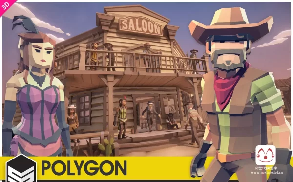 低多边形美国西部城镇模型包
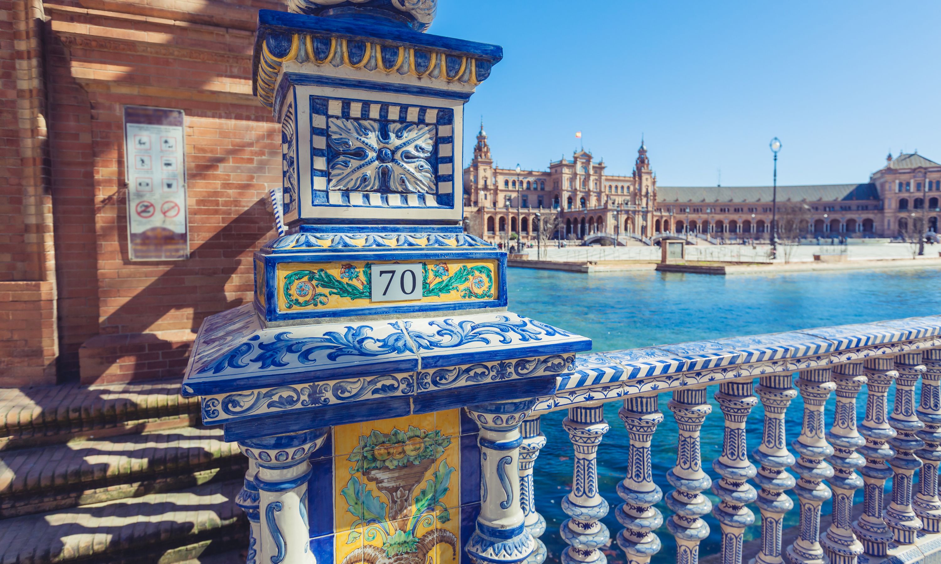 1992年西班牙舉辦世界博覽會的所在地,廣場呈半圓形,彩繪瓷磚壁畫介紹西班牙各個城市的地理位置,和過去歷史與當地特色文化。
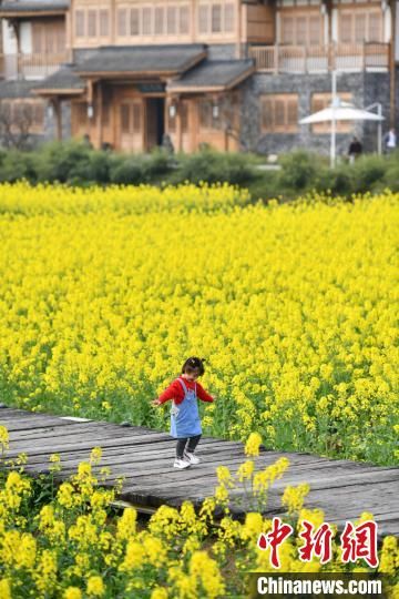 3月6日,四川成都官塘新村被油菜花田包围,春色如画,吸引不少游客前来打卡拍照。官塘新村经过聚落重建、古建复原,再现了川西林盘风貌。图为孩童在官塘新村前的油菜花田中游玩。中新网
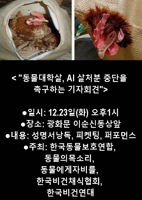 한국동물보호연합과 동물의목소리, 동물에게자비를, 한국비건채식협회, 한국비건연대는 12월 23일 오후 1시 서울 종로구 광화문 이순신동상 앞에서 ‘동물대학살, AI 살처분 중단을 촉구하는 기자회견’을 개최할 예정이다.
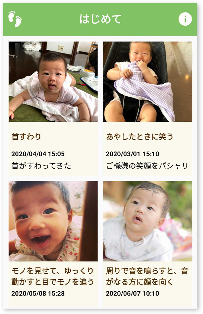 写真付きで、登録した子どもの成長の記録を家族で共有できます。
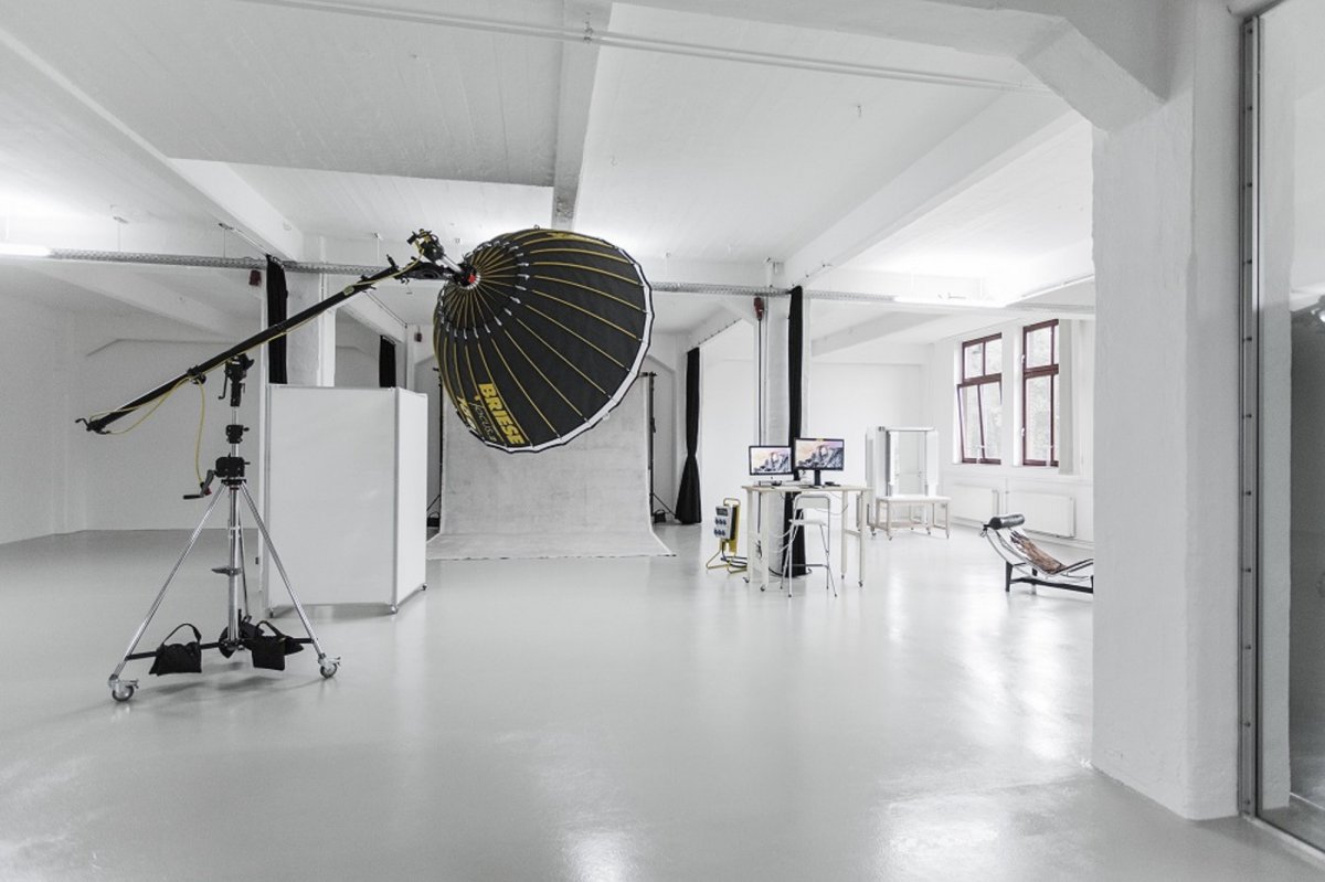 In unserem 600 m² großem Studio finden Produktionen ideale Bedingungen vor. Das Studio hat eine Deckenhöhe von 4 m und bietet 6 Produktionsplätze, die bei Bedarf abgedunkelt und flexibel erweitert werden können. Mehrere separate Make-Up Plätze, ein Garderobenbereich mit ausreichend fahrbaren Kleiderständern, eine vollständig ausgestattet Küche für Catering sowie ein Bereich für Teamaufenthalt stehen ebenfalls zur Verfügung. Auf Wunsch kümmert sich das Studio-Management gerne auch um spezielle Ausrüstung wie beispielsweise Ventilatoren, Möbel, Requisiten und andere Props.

-----

## The task
Could you reproduce exactly the lines from the one containing "1992年西班牙舉辦世界博覽" through the last line of the records, both included, leaving out the pictures?

## Exercise solution
 1992年西班牙舉辦世界博覽會的所在地,廣場呈半圓形,彩繪瓷磚壁畫介紹西班牙各個城市的地理位置,和過去歷史與當地特色文化。
 3月6日,四川成都官塘新村被油菜花田包围,春色如画,吸引不少游客前来打卡拍照。官塘新村经过聚落重建、古建复原,再现了川西林盘风貌。图为孩童在官塘新村前的油菜花田中游玩。中新网
 한국동물보호연합과 동물의목소리, 동물에게자비를, 한국비건채식협회, 한국비건연대는 12월 23일 오후 1시 서울 종로구 광화문 이순신동상 앞에서 ‘동물대학살, AI 살처분 중단을 촉구하는 기자회견’을 개최할 예정이다.
 写真付きで、登録した子どもの成長の記録を家族で共有できます。
 In unserem 600 m² großem Studio finden Produktionen ideale Bedingungen vor. Das Studio hat eine Deckenhöhe von 4 m und bietet 6 Produktionsplätze, die bei Bedarf abgedunkelt und flexibel erweitert werden können. Mehrere separate Make-Up Plätze, ein Garderobenbereich mit ausreichend fahrbaren Kleiderständern, eine vollständig ausgestattet Küche für Catering sowie ein Bereich für Teamaufenthalt stehen ebenfalls zur Verfügung. Auf Wunsch kümmert sich das Studio-Management gerne auch um spezielle Ausrüstung wie beispielsweise Ventilatoren, Möbel, Requisiten und andere Props.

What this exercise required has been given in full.